Towards the end of 2009, shortly after I announced my intention to set up England’s first free school, I debated with Fiona Millar on Newsnight about the pros and cons of allowing parents to set up schools. Fiona had been having this debate, or ones very like it, for at least 20 years and it soon became apparent that I was outmatched. I felt like an amateur who’d stepped into the ring with Mike Tyson.
After five minutes, as I lay bleeding at her feet, she turned to Jeremy Paxman and said: ‘I don’t even know why we’re bothering to have this debate. Toby’s not actually going to do this.
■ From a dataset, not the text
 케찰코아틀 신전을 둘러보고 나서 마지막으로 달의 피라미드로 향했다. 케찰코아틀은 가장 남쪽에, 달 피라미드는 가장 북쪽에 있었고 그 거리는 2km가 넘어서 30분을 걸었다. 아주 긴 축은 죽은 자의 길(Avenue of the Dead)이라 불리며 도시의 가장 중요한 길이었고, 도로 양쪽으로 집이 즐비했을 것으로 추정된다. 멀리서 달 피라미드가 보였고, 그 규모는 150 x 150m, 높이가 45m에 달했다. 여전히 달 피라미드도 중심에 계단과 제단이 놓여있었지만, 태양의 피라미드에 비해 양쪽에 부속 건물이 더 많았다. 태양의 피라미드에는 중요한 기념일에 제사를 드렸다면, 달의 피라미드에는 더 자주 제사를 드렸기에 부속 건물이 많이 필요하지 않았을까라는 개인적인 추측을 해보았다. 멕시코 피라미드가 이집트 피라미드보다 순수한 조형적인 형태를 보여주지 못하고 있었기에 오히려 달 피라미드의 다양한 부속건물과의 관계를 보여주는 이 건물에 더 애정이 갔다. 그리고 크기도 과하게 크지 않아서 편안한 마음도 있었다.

Setting up a school is so complicated, it’s not something a group of parents is ever going to manage.’
In the two years that followed, there were moments I feared Fiona might be right, but I also had reason to be grateful to her: the thought of proving her wrong kept me going.
Needless to say, the success of the free school I co-founded, or the 390 others that have opened since, has done little to change Fiona’s mind. Indeed, this month she is publishing a book entitled The Best For My Child: Did the Schools Market Deliver?, which argues the panoply of changes to education policy that have taken place since Kenneth Baker’s 1988 Education Reform Act have done little to improve outcomes. According to her, we need to move away from parental choice, which has led to social segregation, towards fairness and equality.
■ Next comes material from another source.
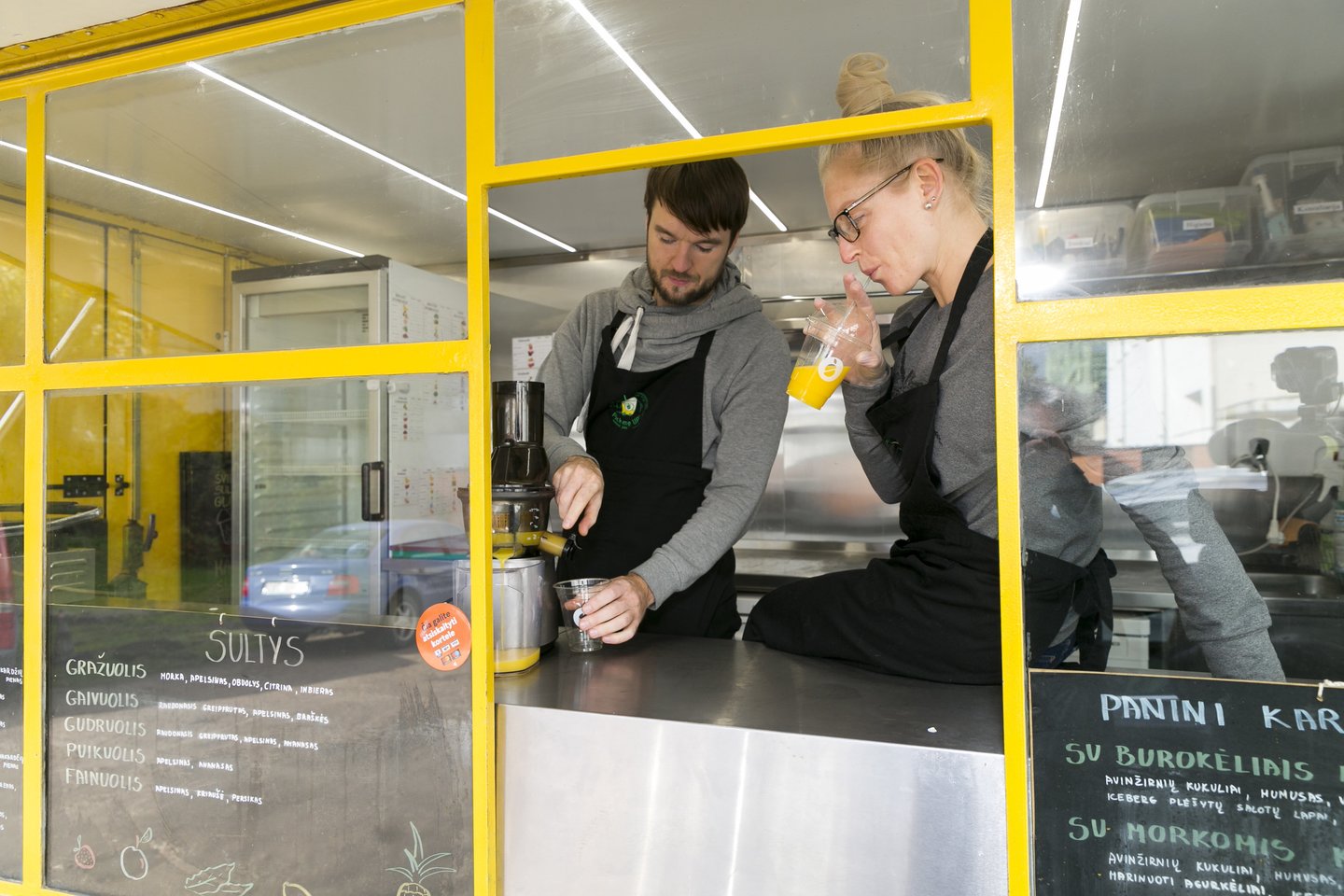 Verslininkus stebino žmonių nuostaba pamačius šviežiai spaustas sultis ar patiekalus be mėsos. Pora nevengia klientų klausimų, leidžia nusifotografuoti meniu, mat tiki, kad jis motyvuos klientus pasigaminti sveikesnio maisto. Prie autobusiuko pastato ir kėdutę vaikams, kad jie galėtų palypėti ir stebėti gamybos procesą.

The first thing to be said about Fiona’s argument is that she misrepresents the reforms of the past 30 years as a ‘market experiment’ and treats the current state of affairs, which she refers to as ‘the wild west’, as if it were the apotheosis of free-market radicalism. In this way, if she can show that the impact of these changes has been negative, she can discredit the intellectual foundations of the education reform movement.
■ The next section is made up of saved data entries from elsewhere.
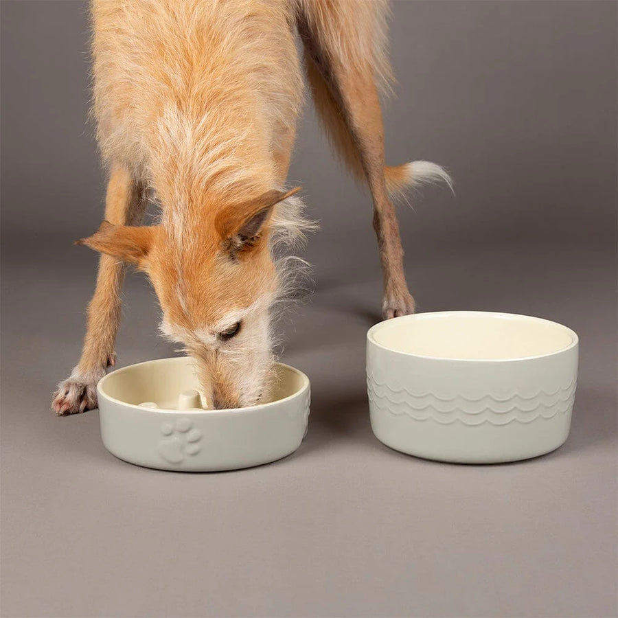 Our heavy stoneware ceramic dog bowls help prevent dogs from moving the bowls when eating or drinking.
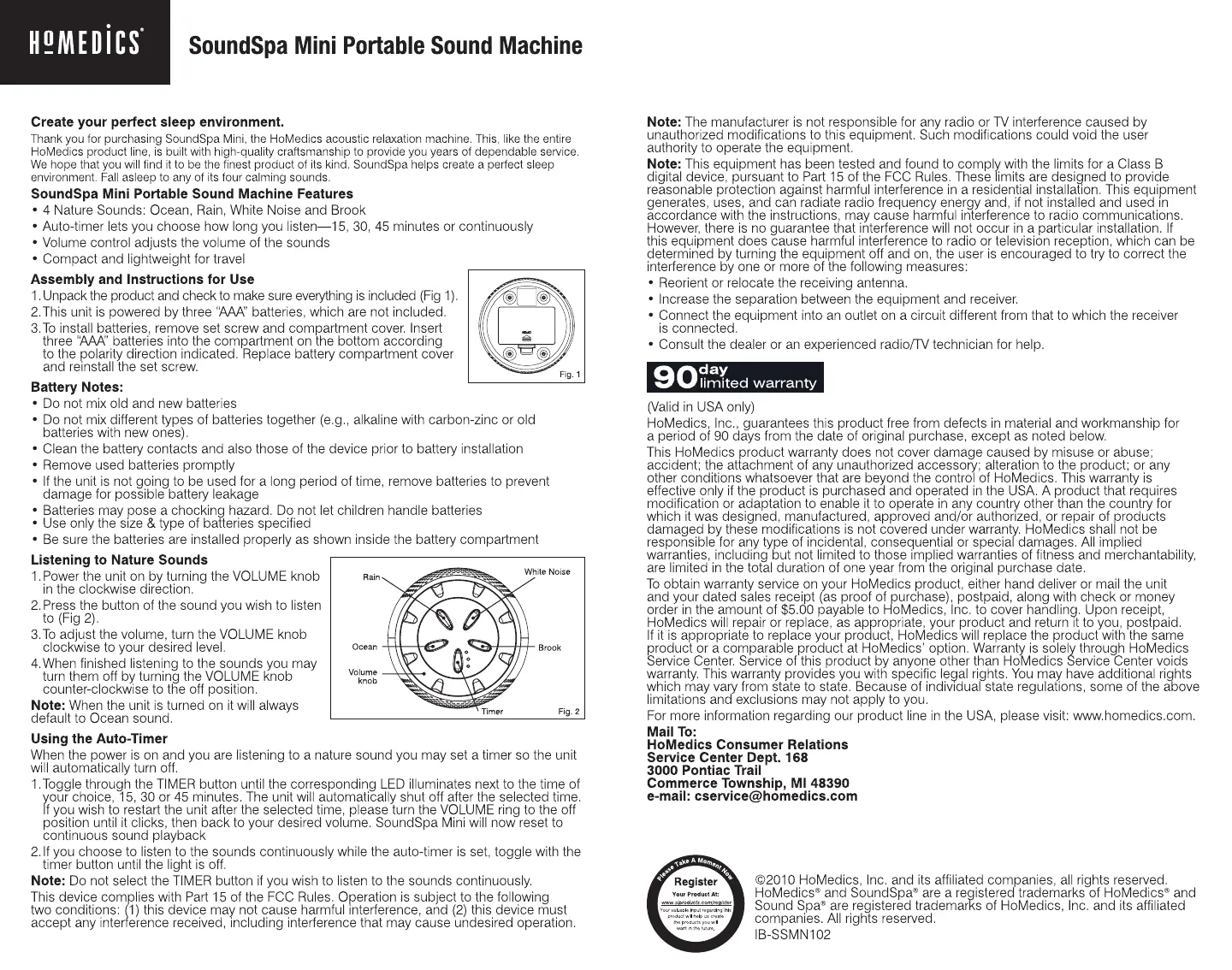 Homedics Sound Spa Mini SS-MN102 Manual
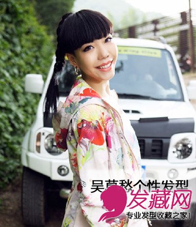 将马尾头绑上麻花辫的造型可以更加充满造型一些。而简单的麻花辫造型制造出复古的感觉,与个性结合十分搭配。
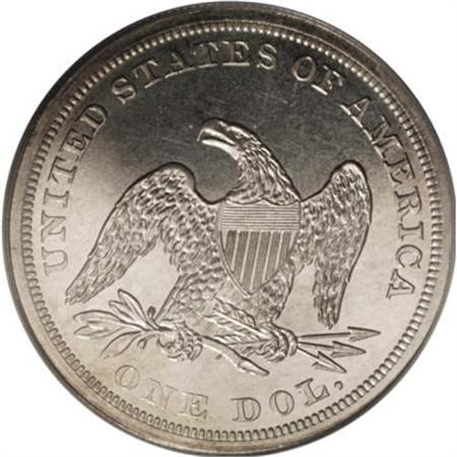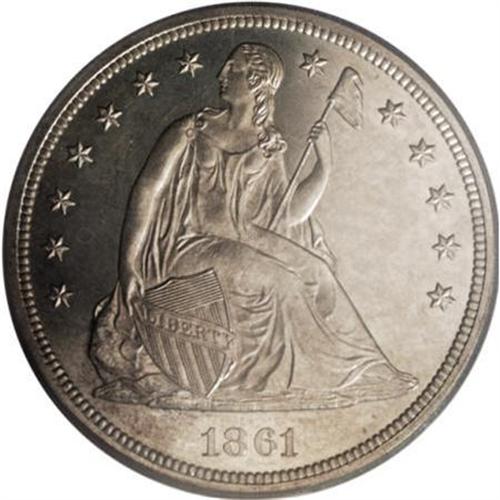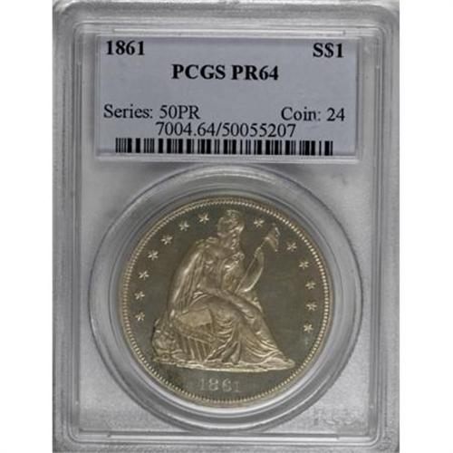<B>1861 $1 PR64 PCGS.</B></I> Business strikes coined during the Civil War are elusive, and in some cases major rarities, placing additional demand on the proofs that have survived through the years. This example is a pleasing example with light gold toning over silver surfaces. Population: 23 in 64, 7 finer (8/07).<I><BR>From The Beau Clerc Collection.</B></I><BR><BR><B>Coin Engraver:</B> Christian Gobrecht<BR><BR><b>Shipping:</b> Coins & Currency (<a target="_blank" href="http://www.heritageauctions.com/common/shipping.php">view shipping information</a>)

But of course, the policy initiatives of the past three decades have stopped well short of those recommended by Milton Friedman. No voucher system has been introduced, at least not beyond the nursery sector, and no for-profit company has been allowed to set up a taxpayer-funded school. The free-schools policy lowered some of the barriers to entry, but as Fiona pointed out, starting a school in the state sector is still fiendishly difficult. And for a variety of reasons, market failure doesn’t result in schools closing. What we have at the moment is a classic English fudge rather than a radical experiment.
But even allowing for that, has the impact of these reforms been negative? That’s a hard question to answer because there’s little hard data about the quality of schools before 1988 — you cannot compare exam results before and after because that was the year that O-levels and CSEs were replaced with GCSEs. I have finished my own review of the impact of various education reforms for the Institute of Economic Affairs and I wrestled with this issue. One trusted source is the OECD’s Programme of International Student Assessment (PISA), which evaluates the education systems of different countries based on tests taken by 15-year-olds in reading, maths and science. If you compare the scores of English schoolchildren in 2006 with their scores in 2015 (the pre-2006 data is unreliable) they have gone up slightly in reading and gone down in maths and science. Not much evidence there of the positive impact of the academies policy, introduced in 2002, or the free schools policy.
However, if you look at the performance of children in Scotland and Wales, where there are no academies or free schools, they have declined further during the same period. Wales has fared particularly badly and one reason for that may be the Welsh government’s decision in 2001 to scrap the league tables introduced by Kenneth Baker. According to a team of researchers at Bristol University, that is one of the reasons a large attainment gap between Wales and other regions of the UK has opened up in the past two decades. So while the performance of England’s schoolchildren probably has declined slightly in the past 20 years or so, it looks as if the various reforms introduced since 1988 have arrested that decline.
My conclusion is that the impact of the education reforms of the past 30 years has been positive, particularly those introduced since 2010. This isn’t the time to abandon the ‘market-isation’ of England’s public education system, but to double down.